Lessons in Chemistry est une éblouissante mini-série qui réussit parfaitement à concilier mélodrame subtil et engagement politique, dans un équilibre chimique instable mais fascinant. Et avec, cerise sur le gâteau, une Brie Larson merveilleuse.
“In my experience, people do not appreciate the work and sacrifice that goes into being a mother, a wife, a woman. Well, I am not one of those people. At the end of our time here together, we will have done something worth doing. We will have created something that will not go unnoticed. We will have made supper, and it will matter.” (D’après mon expérience, les gens n’apprécient pas le travail et les sacrifices nécessaires pour être une mère, une épouse, une femme. Eh bien, je ne fais pas partie de ces personnes. À la fin de notre temps ensemble, nous aurons fait quelque chose qui en vaut la peine. Nous aurons créé quelque chose qui ne passera pas inaperçu. Nous aurons préparé le souper, et cela comptera. » Cette phrase, remarquable, est celle que prononce Elizabeth Zott, l’héroïne de Lessons in Chemistry, au début de l’émission qu’elle présente à la télévision, une « émission de cuisine », comme on dit de manière un peu méprisante. Mieux que tout le discours très féministe d’une série qui peut être qualifiée de « militante » – et que les bataillons de réactionnaires « anti-woke » occupant les réseaux sociaux détesteront viscéralement ! -, ces mots qualifient parfaitement la construction sociale du genre, et la facilité avec laquelle la place de la femme est minimisée, voire ridiculisée par ceux qui détiennent le pouvoir, les « mâles ».
Tirée d’un roman populaire aux USA de Bonnie Garmus, Lessons in Chemistry est une mini-série aussi incisive « politiquement » qu’absolument délicieuse à regarder : située dans la Californie des années, elle nous régale de paysages de banlieues verdoyantes et ensoleillées, de vêtements merveilleusement élégants portés avec une grâce que notre société moderne semble avoir totalement oubliée. Mais bien sûr, un peu comme pour Mad Men, une série finalement assez proche, toute cette sophistication cache un monde d’une brutalité et d’une noirceur sans fond : Elizabeth Zot, chimiste de génie dans un monde qui n’accepte pas qu’une femme puisse avoir ce genre de talent, va lutter, largement en vain, pour être reconnue, ou pour simplement pouvoir faire le métier qu’elle aime. Elle ne pourra guère que cuisiner à la télévision, sur une chaîne locale de second plan. Pourtant, son combat continuera et elle transformera son émission en tribune pour défendre la juste place de la femme dans la société, se heurtant sur son parcours à toute une ribambelle de mâles odieux.
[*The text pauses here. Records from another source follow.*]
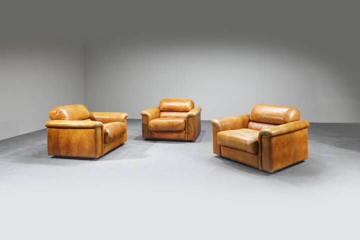 Struttura in legno imbottitura rivestita in pelle. Anni '70 cm 70x100x95 Difetti
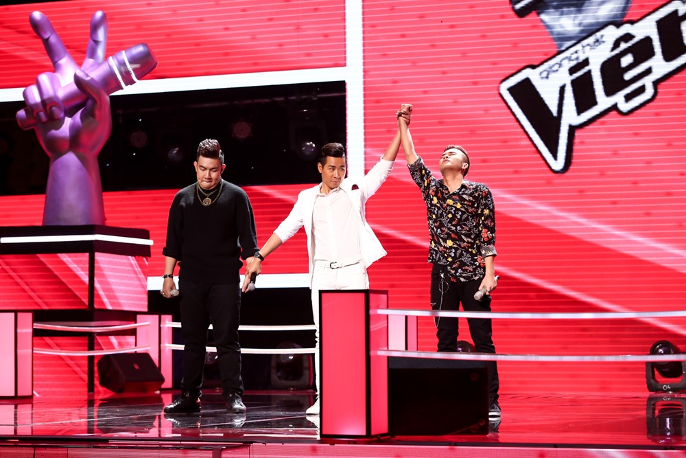 Tiếp đến là cặp đôi đến từ đội HLV Thu Minh là Anh Đức - Ngọc Duy. Cả hai thể hiện ca khúc Nắm lấy tay anh bản hit của nam ca sĩ Tuấn Hưng. Với Ngọc Duy, anh sở hữu chất giọng thanh sắc còn Anh Đức lại mềm và ấm hơn. Hai chất giọng hoàn toàn khác nhau đã làm mới hoàn toàn ca khúc Nắm lấy tay anh cùng những đoạn phiêu khiến người nghe phải “nổi da gà”. Một màn song đấu cân bằng cân sức trên sân khấu The Voice.
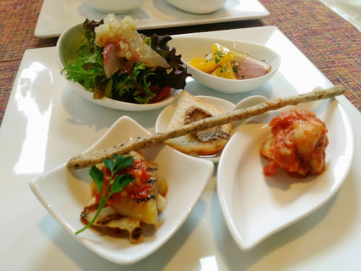 どのお料理も素材の味を引き立てていてとっても美味しくいただきました。 お野菜にこだわっているそうで、生ハムのサラダの中には普段は食べないようなフラワーサラダ?も入っていたり、生のナスが入っていたりと、食べていて楽しいサラダでした!
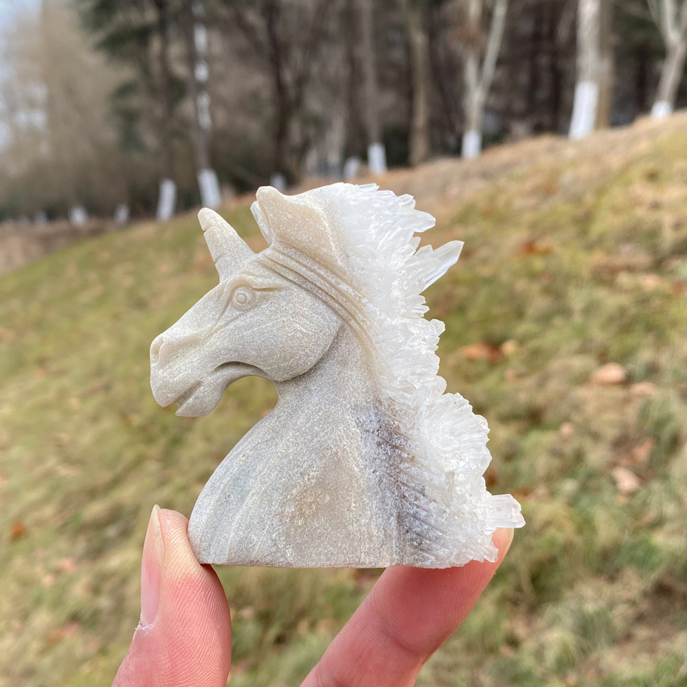 🌟Features:These magical, tactile pieces are carved from natural stone, with a mane made of sparkling Clear Quartz clusters—crystal points that shimmer like frozen starlight ✨. The unicorn’s head is shaped from smooth, earthy-toned stone, featuring detailed facial features, a pointed horn, and a flowing, crystalline mane that catches light from every angle. Each piece is unique, with natural variations in stone color and quartz cluster density, making every unicorn a one-of-a-kind treasure.Inspired by the unicorn’s symbolism of magic, purity, and hope (paired with Clear Quartz’s reputation as a "master healer" and energy amplifier), this design blends whimsical charm with powerful energy. The earthy stone base evokes grounding stability, while the quartz mane mirrors the magic of spiritual clarity and light, creating a piece that feels both rooted and ethereal.
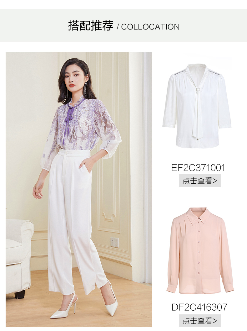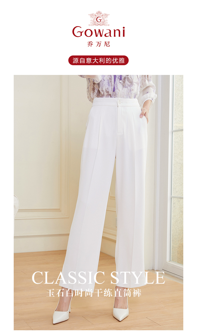 乔万尼女裤子夏薄款白色新款显瘦宽松小个子直筒裤DF2F428
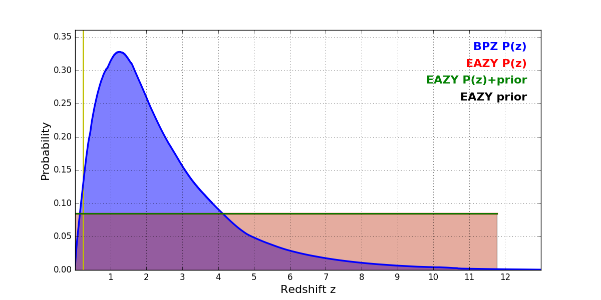 In P(z) plots: Yellow lines mark the cluster redshift z = 0.228,
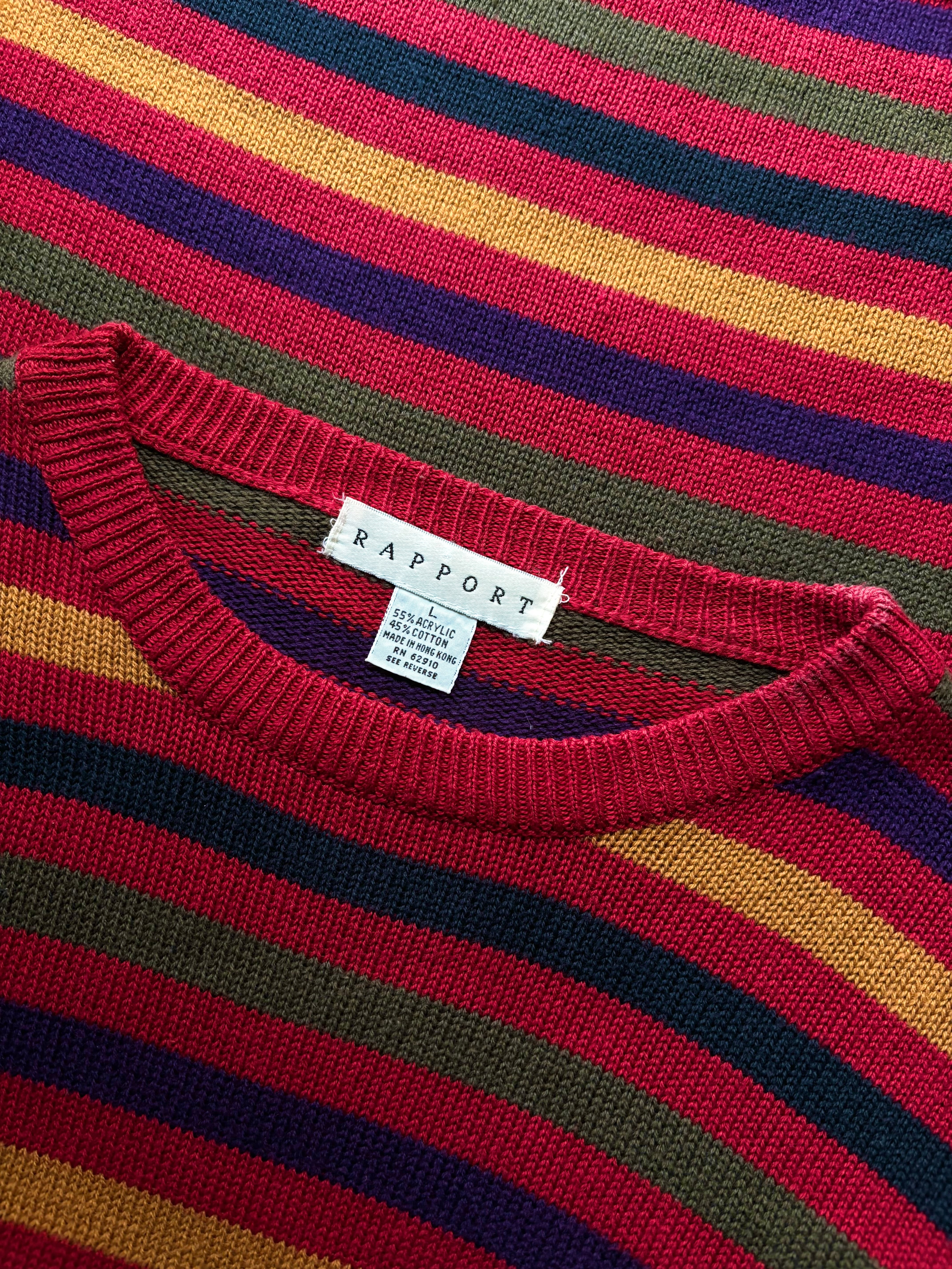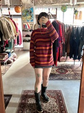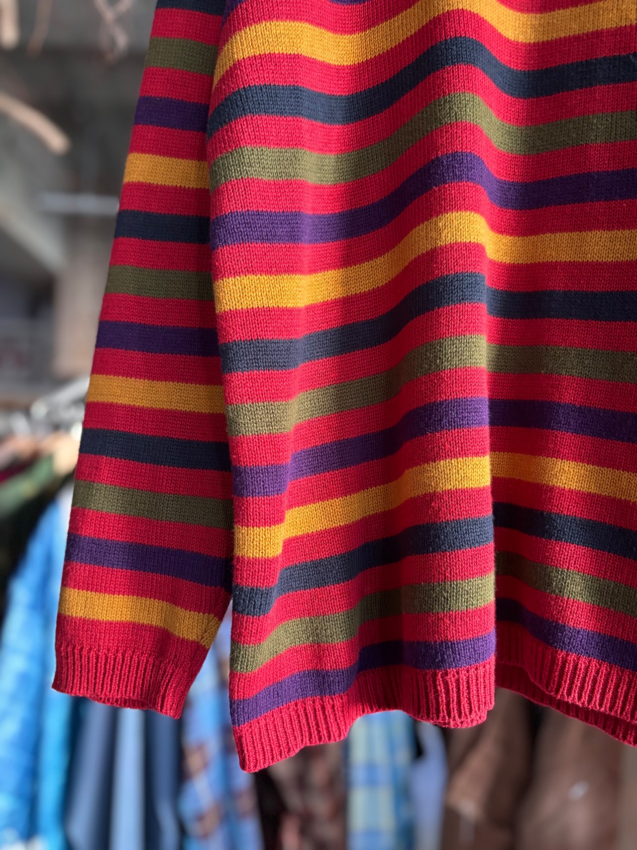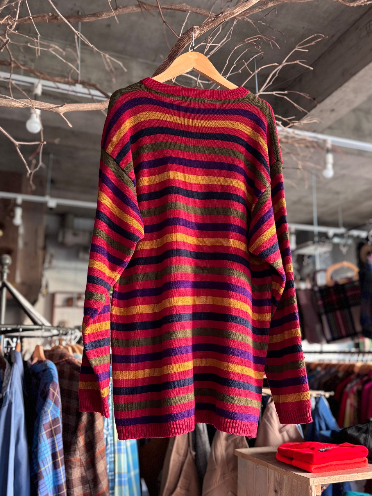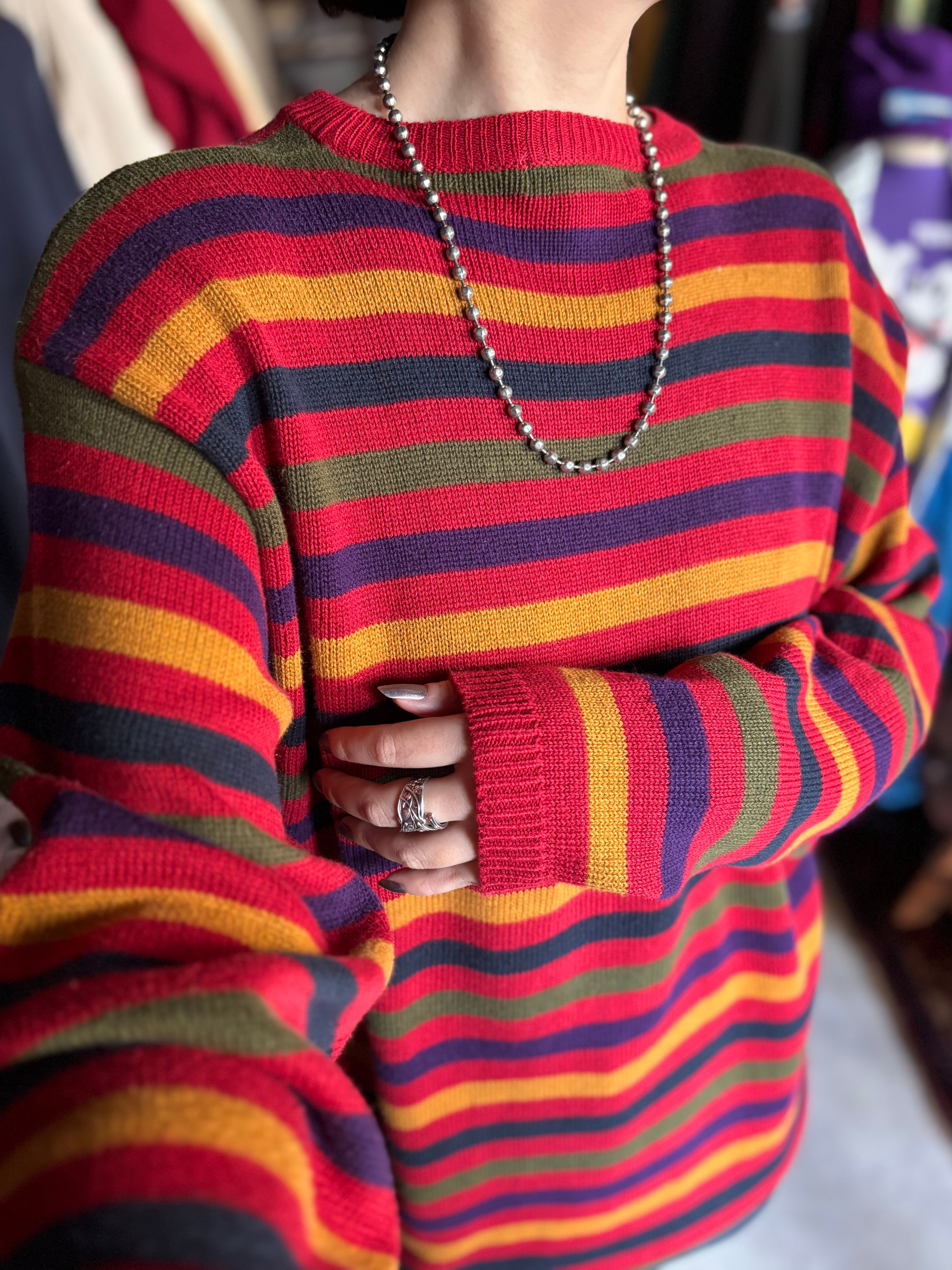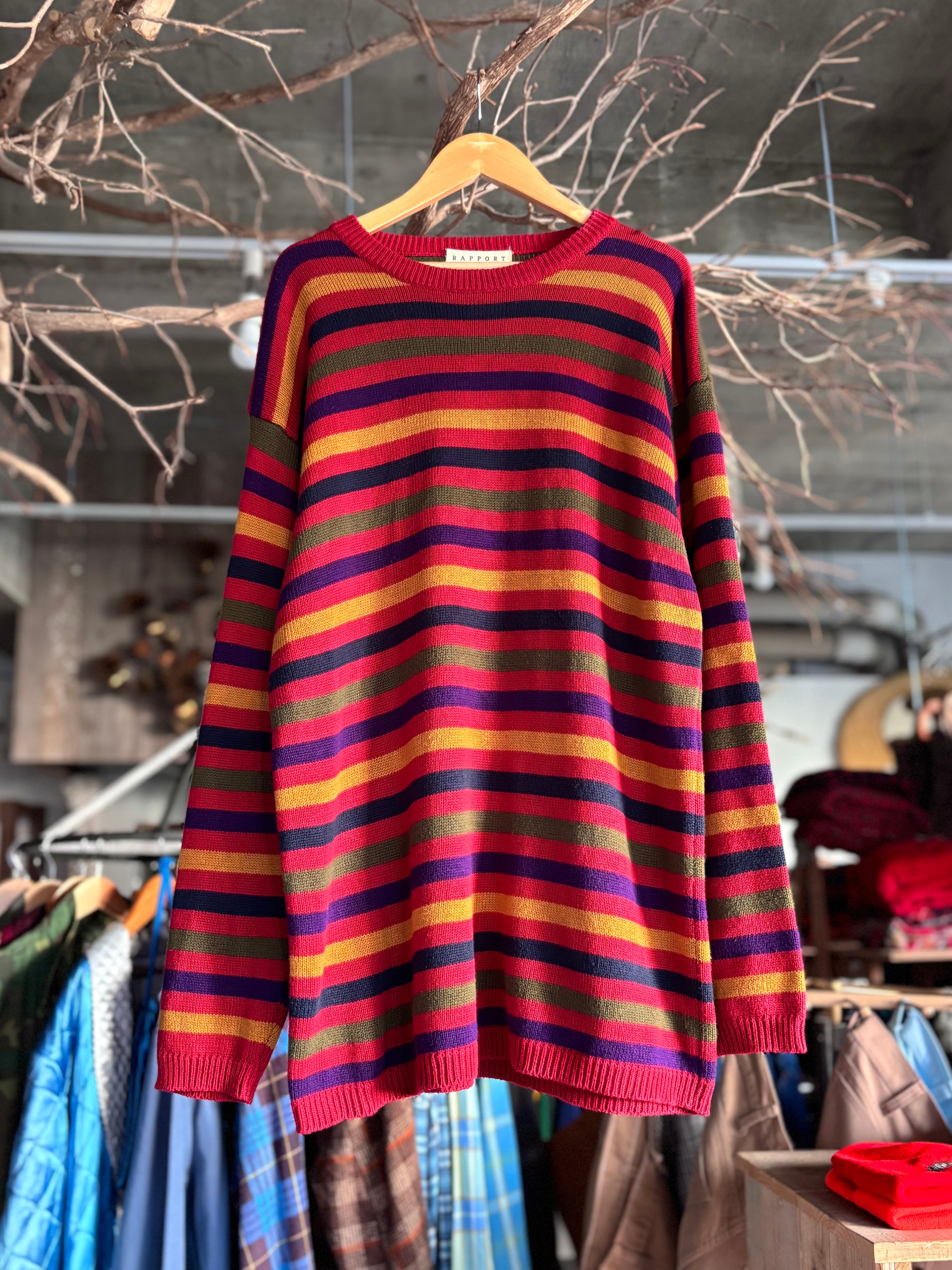 程よく薄手でやわらかいコットン×アクリル混紡素材のニット。リラックスフィット。インナーにも映えるマルチボーダー。カットソー感覚で着用できます◎ユニセックスでおすすめ。
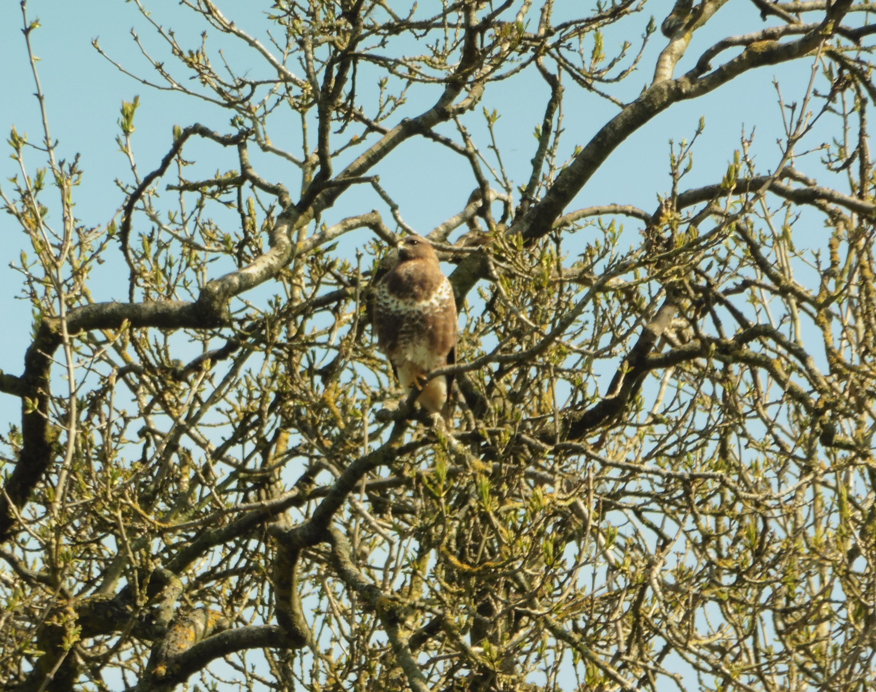 A small warbler noted in the hedgerow was confirmed by Nick as Garden Warbler after consulting his bird book to compare it with the very similar and much commoner Chiffchaff. Debatably, the most memorable sighting was probably our last of the day. There before us in a large Ash tree, whose leaves were not yet open, sat a Buzzard, totally oblivious of our presence. Through binoculars it was apparent just how large this bird is and how fortunate we are to have them here on the Rowley Hills in such good numbers. Our thanks once again go to Nick for leading us and for passing on his invaluable knowledge of the bird life of this area and we look forward to him leading another bird walk for us towards the end of the summer.
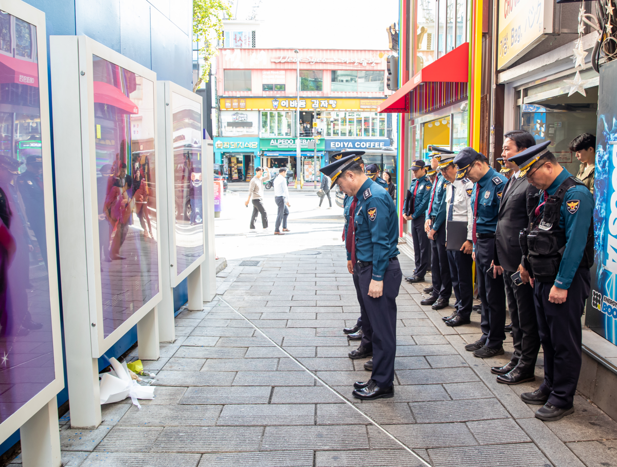 박정보 서울경찰청장과 경찰 관계자들이 핼러윈 대비기간에 앞서 ‘이태원 참사’ 현장이자 추모 골목인 서울 용산구 이태원역 1번 출구 앞에서 묵념하고 있다. 2025.10.24.
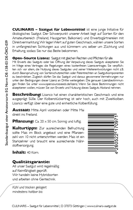 Lisanco ist der erste Open-Source Zuckermais! Und wahnsinnig lecker! Wer Zuckermais mag wird Lisanco lieben. Die Sorte ist gesund, standfest und bringt große, knackige Kolben, die für jede Verwendung geeignet sind.
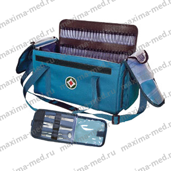 Для удобства использования и хранения медицинского инструмента внутри сумки располагается специальный планшет для хирургического инструмента. На крышке сумки располагается карман для перчаток и халата. С внешней стороны сумки на боковых стенках расположены объемные накладные карманы для перевязочного материала.
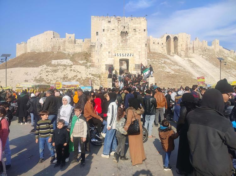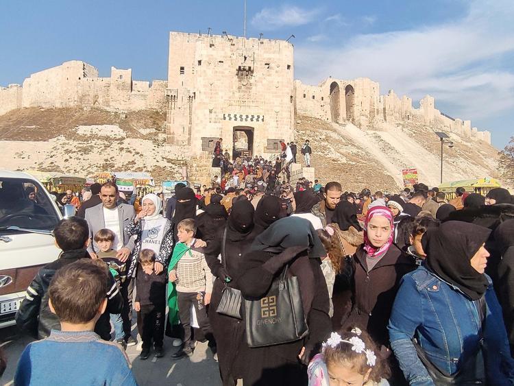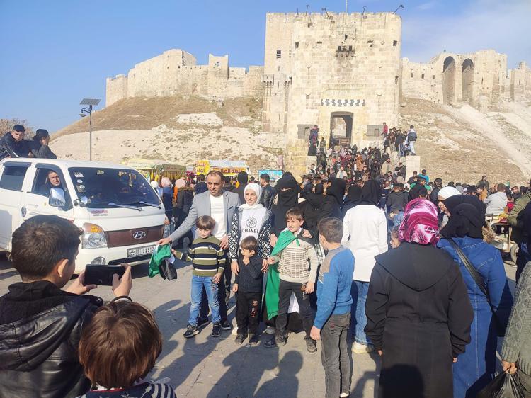 Her yaş grubundan binlerce kişi Halep Kalesi önünde birbirine sarılarak yeni dönemin mutluluğunu yaşıyor. Kentte yaşayan sivillerin yanı sıra binlerce kişi ise Suriye içindeki farklı bölgeler ve Türkiye’den yıllar sonra Halep’e geri döndü. İç savaşın başlamasının ardından rejim veya terör örgütlerinin baskısı nedeniyle Halep’ten ayrılmak zorunda kaldıklarını belirten Halepliler, yıllar sonra evlerine dönmenin ve hasret kaldıkları Halep Kalesini yeniden görmenin mutluluğunu yaşadıklarını ifade etti.

Allant plus loin encore, Lessons in Chemistry consacre une partie de son temps à articuler le concept d’intersectionnalité, à travers le personnage d’Harriet, brillante femme de couleur dont la carrière d’avocate est mise entre parenthèses pour élever ses enfants, puis qui se dressera contre le projet de construction d’une autoroute devant passer à travers un quartier noir, donc totalement sans importance pour les autorités de la ville de Los Angeles. Il faut bien admettre que ce fil narratif, en parallèle de l’histoire principale, est le plus faible, et n’apporte pas grand-chose à la série.
Rassurons toutefois ceux ou celles qu’une série 100% militante repousserait, Lessons in Chemistry parle aussi très joliment d’amour, et très profondément de deuil : il est difficile de ne pas verser de grosses larmes durant plusieurs épisodes consacrés à la perte d’être aimés, dans un style mélodramatique très joliment mesuré, jamais excessif… Et la mini-série bénéficie d’un scénario particulièrement intelligent qui ménage de nombreuses surprises au téléspectateur lorsque toutes les pièces du puzzle (mais un puzzle dont nous ne soupçonnions même pas l’existence) se mettent en place au tout dernier épisode : c’est littéralement bluffant !
Mais il faut aussi reconnaître que, au delà des qualités du scénario, de la mise en scène et de la décoration de Lessons in Chemistry, si la mini-série est une telle réussite, c’est grâce à la présence lumineuse de Brie Larson, idéale dans son interprétation d’un personnage psychorigide qui va peu à peu s’ouvrir au monde, mais également magnétique dans un rôle quasi iconique de « blonde fronde hitchcokienne » : selon les plans, elle évoque Grace Kelly ou Françoise Dorléac, et elle déploie une magie de vraie « star du 7ème Art ». L’échec retentissant de The Marvels devrait permettre à une actrice de ce calibre d’arrêter de perdre son temps avec les niaiseries disneyo-marvelienne et de nous offrir d’autres grands rôles comme celui d’Elizabeth Zott.